What you should do: The full set of lines below has to be duplicated exactly, with no picture kept.

Stored data:
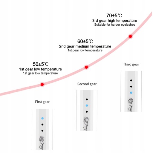 10-sekundowe podgrzewanie, naturalna lokówka, brak uszkodzeń rzęs, naturalne stereotypy, łatwość przenoszenia, ładowanie USB, podgrzewanie w stałej temperaturze, regulacja 3 biegów.
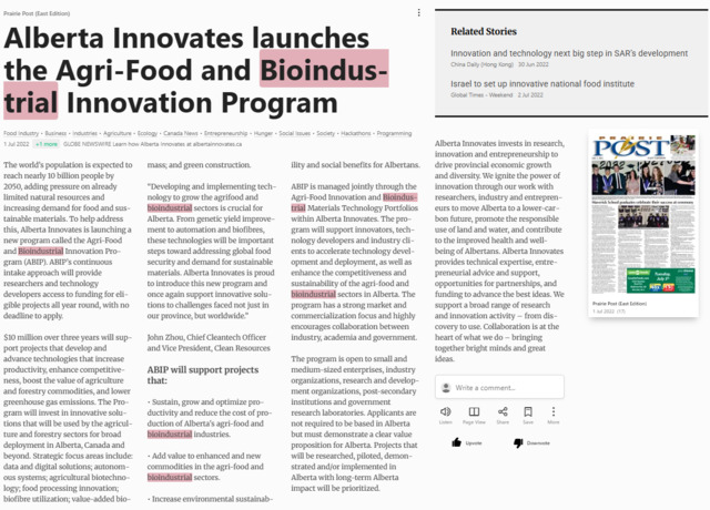 Bernama (2022) Alberta Innovates launches the Agri-Food and Bioindustrial Innovation Program. Globe Newswire. |
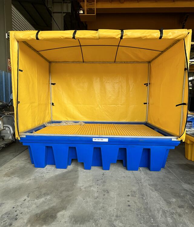 Manufacturer of drum spill pallet frame and cover systems. Designed for secondary containment, weather protection, and compliance in industrial drum storage.
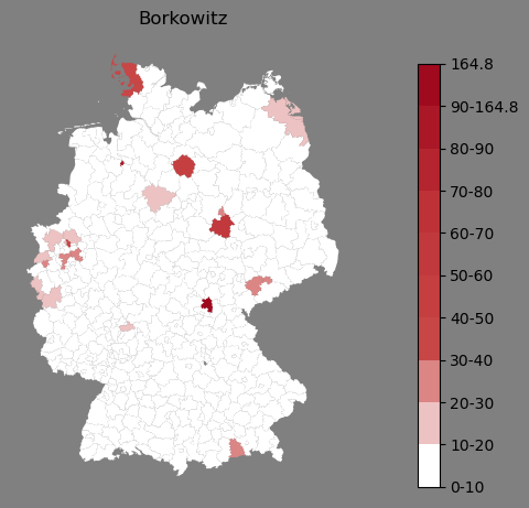 Absolute Verteilung des Namens Borkowitz (1890)Direkt zur Karte Absolute Verteilung des Namens "Borkowitz" um 1890 im damaligen Deutschen Reich Sie können die Karte innerhalb des Fensters zoomen und verschieben. |

Expected answer:
 10-sekundowe podgrzewanie, naturalna lokówka, brak uszkodzeń rzęs, naturalne stereotypy, łatwość przenoszenia, ładowanie USB, podgrzewanie w stałej temperaturze, regulacja 3 biegów.
 Bernama (2022) Alberta Innovates launches the Agri-Food and Bioindustrial Innovation Program. Globe Newswire. |
 Manufacturer of drum spill pallet frame and cover systems. Designed for secondary containment, weather protection, and compliance in industrial drum storage.
 Absolute Verteilung des Namens Borkowitz (1890)Direkt zur Karte Absolute Verteilung des Namens "Borkowitz" um 1890 im damaligen Deutschen Reich Sie können die Karte innerhalb des Fensters zoomen und verschieben. |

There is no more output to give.